Home/
Part VII — Multimodal & Long Context (Where AI Studio Gets Spicy)/22. Working With Documents and Large Text/22.3 Citation-like behavior (trace outputs to sources)
22.3 Citation-like behavior (trace outputs to sources)
Overview and links for this section of the guide.
On this page
Goal: answers you can verify
“Citation-like behavior” is how you keep long-context work from turning into confident fiction.
The idea is simple: every important claim should be traceable to a source. In practice, you need:
- stable chunk ids,
- quotes (short excerpts),
- clear mapping between claims and sources.
What “citation-like” means in practice
You don’t need academic citations. You need:
- Traceability: “This sentence came from chunk X.”

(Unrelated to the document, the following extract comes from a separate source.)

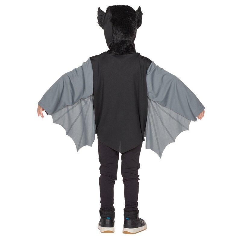 Schwarzes Oberteil, an dessen fellbedeckter Kapuze Ohren angenäht sind. Die langen grauen Ärmel breiten sich beim Heben der Arme zu Fledermausflügeln aus.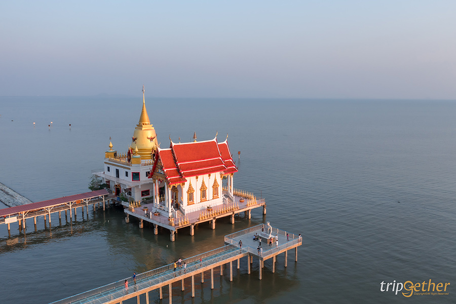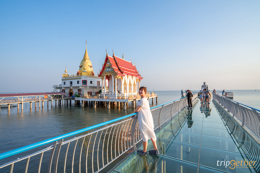 วัดหงษ์ทอง ที่ตั้งอยู่ในอำเภอบางปะกง ติดทะเลฝั่งอ่าวไทย มีจุดเด่นอยู่ที่พระธาตุคงคามหาเจดีย์ 3 ชั้น และโบสถ์ที่ยื่นลงทะเลให้ได้พุทธศาสนิกชนสักการะพระพุทธรูปต่างๆ มากมายเช่น พระธาตุพระอรหันต์ หลวงพ่อพุทธโสธรจำลอง หุ่นขี้ผึ้งรูปเหมือนจริงของหลวงปู่สด และพระพุทธชินราชจำลองที่เป็นพระประธานในโบสถ์ ไม่เท่านั้นทางวัดยังมีแลนด์มาร์กใหม่อย่าง sea walk แห่งแรกของประเทศไทย เป็นทางเดินกระจกยาว 40 เมตร ยื่นลงทะเลให้เดินชมวิวแบบเต็มๆ ตา ซี่งปลายทางยังมีพระพุทธรูปประดิษฐานอยู่ด้วย นอกจากนั้นใครอยากชมวิวทะเลและวัดจากมุมสูงก็สามารถจ่ายค่าบำรุงลิฟต์ขึ้น-ลงคนละ 20 บาท ไปที่ชั้น 12 ของอาคารกตัญญูเพื่อชมวิวสวยๆ กันได้อีกด้วย แอบกระซิบว่าถ้ามาในช่วงเย็นตอนพระอาทิตย์กำลังตกบรรยากาศดีแถมแสงสวยสุดๆ

- Verifiability: enough quote/context to confirm it.
- Honesty about gaps: the model says “not found” when sources don’t support the claim.
Never allow invented citations
A made-up citation is worse than no citation: it gives false confidence. If the model can’t cite, it should say it can’t.
Citation formats that work
Pick one stable format and enforce it:
- Chunk id references:
[policy:3.2] - Inline claim mapping: each bullet ends with a citation list.
- Separate citations array: structured output that links claims to sources.
For reliability, prefer structured output: it is easier to validate and to render in an app.
A citation-first output schema
Here’s a practical schema for grounded answers:
{
"answer": {
"summary": string,
"bullets": [{
"claim": string,
"sources": [{ "chunk_id": string, "quote": string }]
}]
},
"not_found": {
"missing_claims": string[],
"searched_chunks": string[]
}
}
This forces the model to attach sources per claim.
Verification habits
To keep citations honest:
- Spot-check: verify at least one citation per answer while prototyping.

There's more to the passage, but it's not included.